I don’t think they quite understand the dynamics of the housing market; really the epicentre of strong prices growth has clearly been the Sydney market, and most other markets have recorded benign at best prices growth since the start of the interest rate cycle in 2011. We’ve had a Perth housing market that’s been going backwards for nearly two years now and if we look at the underlying growth rate, Sydney has begun to flatten over the past year and most other markets are at 3%-4% a year.

It’d be interesting if these predictions of doom could be held accountable, because we’ve had them for a while now and not one of them has been close to the truth. When we have seen prices growth because of low interest rates, we’ve seen quarterly correction phases following that, and that’s usually a product of higher interest rates and there’s no official suggestion of higher interest rates that would dampen the housing market sharply. What we’re going to see is just a very gradual winding back of prices growth, as I believe interest rates will now be largely flat into the future.

Incomes have nothing to do with house price growth. The only relevance of an income is the repayment of a mortgage. I do an affordability measurement that looks at the proportion of income that the average home loan requires in repayments, and it’s actually falling and is below the 10-year average now.

The thing that separates Australia from other markets internationally is the very robust and rigid lending environment that we have. Banks are very risk averse in this country; even when the market’s rising they won’t take risks such as raising LVRs or easing income requirements for a loan. It’s that common sense around our housing markets that keeps us in these orderly correction and growth phases.

My concern at the moment is that we’re seeing increased interference in market dynamics from banks and regulators. I think regulators and policy makers have the capacity, with these market incursions, to cause disruptions. Banks really need to stick to what they do best and lend on these rigid conditions and let the market rise and fall as it will do naturally according to these local drivers.

Now we’re starting to see some banks in the business of picking winners in terms of where they’ll lend; units versus houses or investors versus first home buyers.

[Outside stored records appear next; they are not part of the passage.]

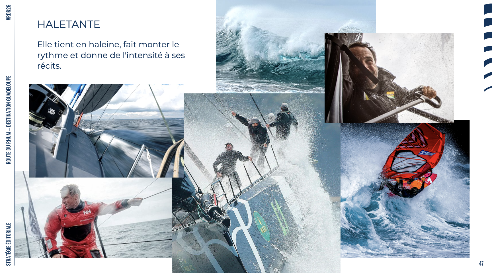 Bérangère Cahéric, responsable du pôle digital explique : “À partir du travail de positionnement, nous avons défini une stratégie et une ligne éditoriales fortes, et construit un séquençage narratif qui raconte la Route du Rhum comme un récit au long cours.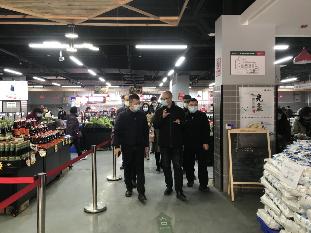 12月10日,省商务厅副厅长、党组成员佘骥一行至益民菜市首创店检查防控保供工作。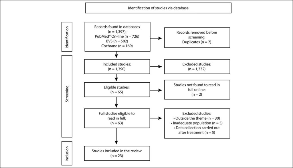 Obtiveram-se 1.397 artigos. Pela leitura de seus títulos e resumos, foram excluídos 1.332. Do restante, 2 não foram encontrados na íntegra e 40 foram excluídos após leitura na íntegra, totalizando amostra final de 23 artigos.

I think this is fraught with danger and can create the very risks it’s supposed to offset. I hope regulators see the flaws in the OECD’s methodology, but I think there is a particular bent in our regulators to embrace the bubble theory. They’ve accepted this is a possibility, when the probability is very low.

Comparing prices to incomes: to me it really is an indictment on the research capacity of the people who produce these reports, and I think they should be called out for using this as some sort of benchmark. It’s the same when they look at overall levels of debt; they say Australian debt has risen to record levels, but this is nonsensical because obviously people have been able to borrow more with lower interest rates, but if you look at the balance value it’s improved because prices have risen.

We shouldn’t have macroeconomic policy that’s a product of high Sydney house prices and high numbers of Sydney investors. It’s a real concern that we’re a hostage to these policy outcomes.
SPILLOVERS, CONTAGION AND GLOBAL RISKS
The OECD’s biannual report on Australia has caused a stir after it warned there was a “non-negligible risk of a downturn” in the Australian housing market, caused by “spillovers, contagion and global risks”. The report looked at price to income ratios, as well as historical downturns in Australia and worldwide.

Dr Andrew Wilson is the chief economist for the Domain Group and one of Australia’s leading housing market experts. He holds a PhD and master’s by research in housing market economics, and has been appointed an advisor to the government funded Australian Urban Research Infrastructure Network.